80 conditions for subdivision plan

A DECISION for the controversial Gulmarrad subdivision has finally been reached but neither the developer nor the opposers of the application are happy with the outcome.

The 60-lot subdivision was approved by Clarence Valley councillors at this week’s full ordinary meeting, providing the applicant complies with the 80 conditions as set by council.

Maclean property developer Andrew Baker lodged the original development application for a 62-lot subdivision with council in April 2009 and after no decision was reached within the Department of Planning’s 40-day timeframe he lodged a deemed refusal appeal to the Land and Environment Court to seek a decision.

At an informal meeting council staff requested that Mr Baker submit a revised layout that would be more viable, which resulted in the final 60-lot application.

Although Tuesday night’s decision swayed Mr Baker’s way he said it was hard to be happy with the final outcome as he was disappointed in some councillors throughout the application process.

“Last night and the last 300 days has really highlighted deficiencies in a couple of our councillors who insist on grandstanding and show lack of integrity,” he said.

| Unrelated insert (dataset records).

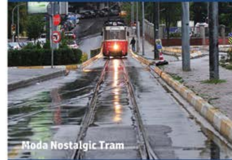
Moda Nostalgic Tram
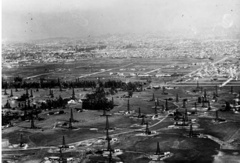
Wilshire District, Oil Fields, 1924

L os Angeles of the mid-1800s was very different from the Los Angeles that you know today. It was a dusty cow town, populated mostly by ranchers who raised cattle. They sent their beef up north via the railroad to feed the thousands of people who had flooded into California after the Gold Rush of 1848.
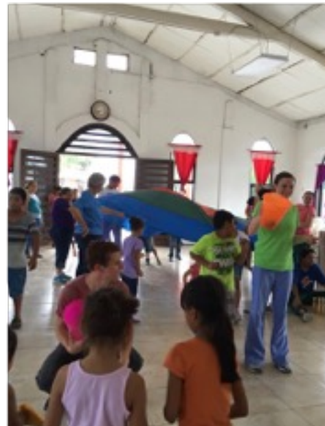
Playing wit the kids before VBS is always a highlight

As we talked about our day each night in our sharing time, we realize how blessed we are. Most of us said we have so much that it takes all our time to care for all our stuff. As you read this, think about
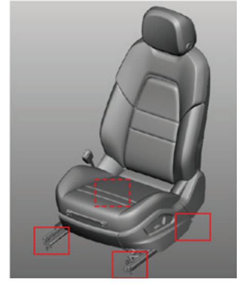
Figure 2: Seat mounting bolt locations

4. If the noise further persists, please replace the seat frame as instructed in WM 720955 – Replacing seat frame
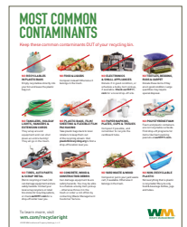
Most Common Contaminants Poster
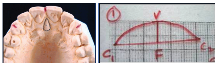
[Table/Fig-1]: Marking of mesial incisal edges of central incisors and canine tips on cast. [Table/Fig-2]: Markings transferred on graph paper in which C 1 and C 2 are the canine tips, V is the mesial edge of the central incisor and F is the line drawn \perp from V to C 1 and C 2 .

distance while no significant difference revealed between the comparison of tapered and square arch forms [Table/Fig-8].
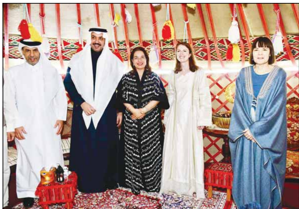
Diplomats and dignitaries.
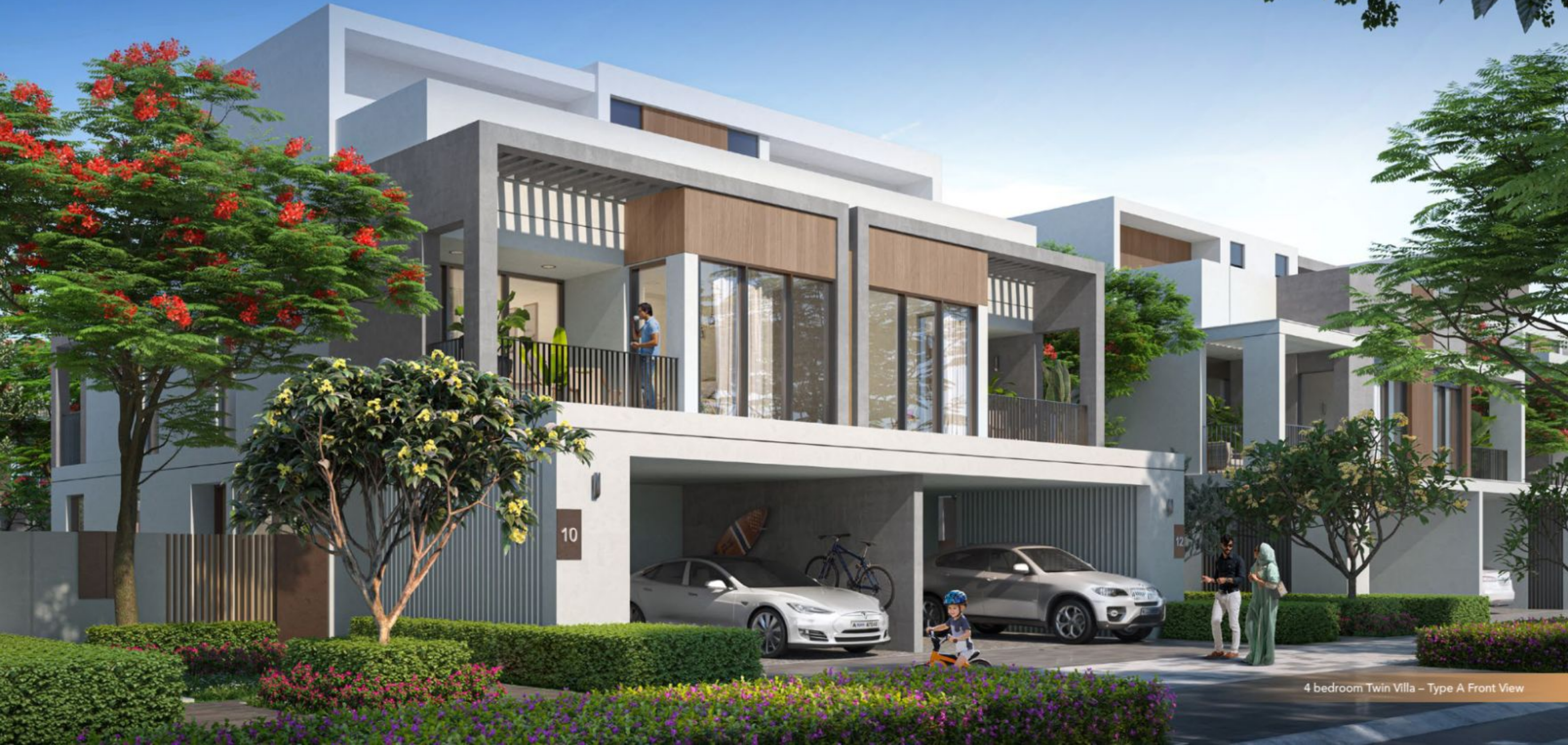
4 bedroom Twin Villa – Type A Front View

Mr Baker said he had spent in excess of $80,000 including court costs in attempts to prove that his development application complied with council’s guidelines and requirements. He was disappointed that some councillors had voted a particular way in an attempt to cater to minority groups.

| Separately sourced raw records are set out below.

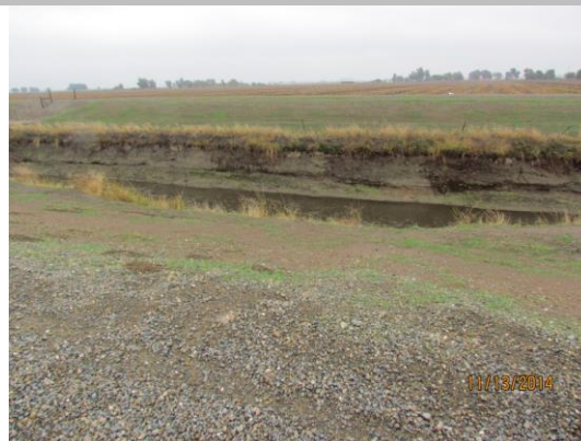
View of the erosion along the waterside toe.
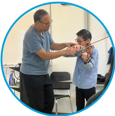
$250 1 GUEST ARTIST + MASTER CLASS
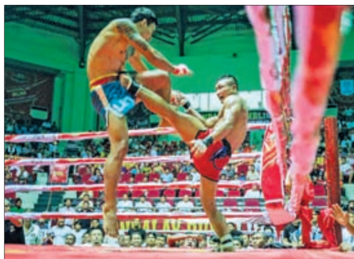
A professional Lethwei fight in action.

"I'm a bit shocked, we lost our two centre backs in the game and we lost Aaron Ramsey," manager Arsene Wenger told BT Sport following his team's sixth match in a hectic 18-day spell.—Reuters
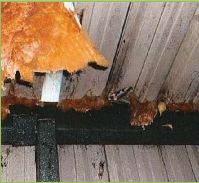
Perimeter purlin corrosion causing openings in roof deck
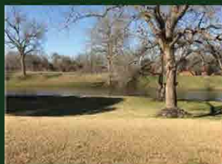
1/2 ACRE WATERFRONT LOT 32618 Watersmeet $179,500
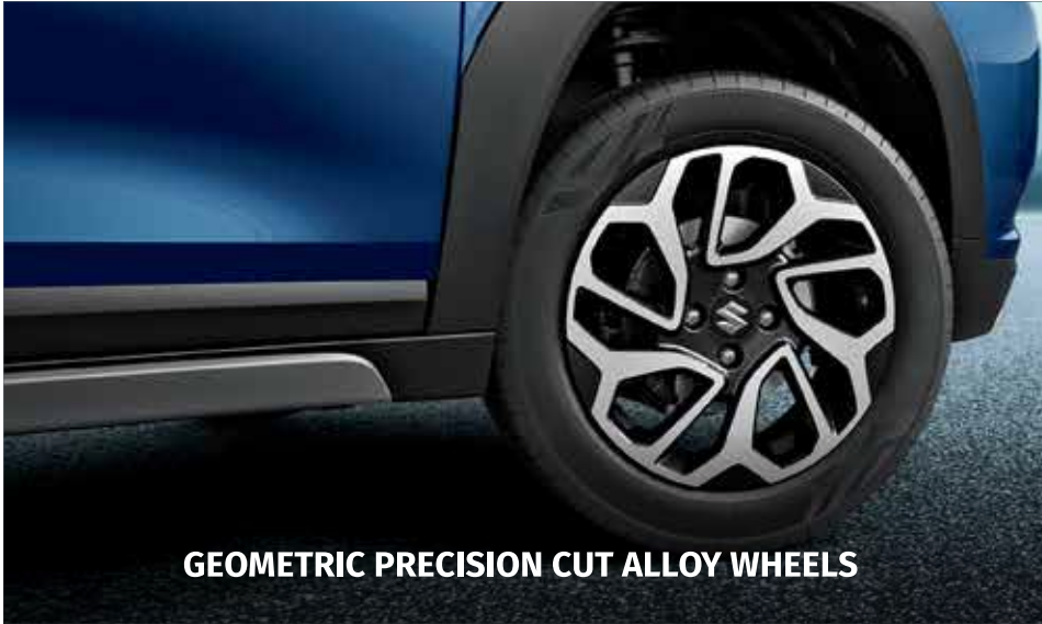
GEOMETRIC PRECISION CUT ALLOY WHEELS

Environment educator Helen Tyas Tunggal said important issues in the reports formed by council regarding the development had been both ignored and contradicted.

“According to the Clarence Valley Council report summary statement the application impacts on every sustainability element within the adopted framework, yet council staff have recommended that it be approved,” she said.

“They make the grand statement that they consider the proposal will adequately protect any areas or sites of conservation value yet it contradicts what is contained in their report.

“I am very concerned that the elected councillors are not getting the best information that they need to make informed decisions,” Ms Tyas Tunggal said.

A late letter of concern from the Yaegl Local Aboriginal Land Council was tabled at the last meeting, displaying concerns for the protection of the sacred scar trees and the lack of consultation during the application process. Mayor Richie Williamson included an additional condition before the application was approved to ensure that further consultation be undertaken with the Yaegl Local Aboriginal Land Council with regard to better protection of the scar trees before a construction certificate is issued.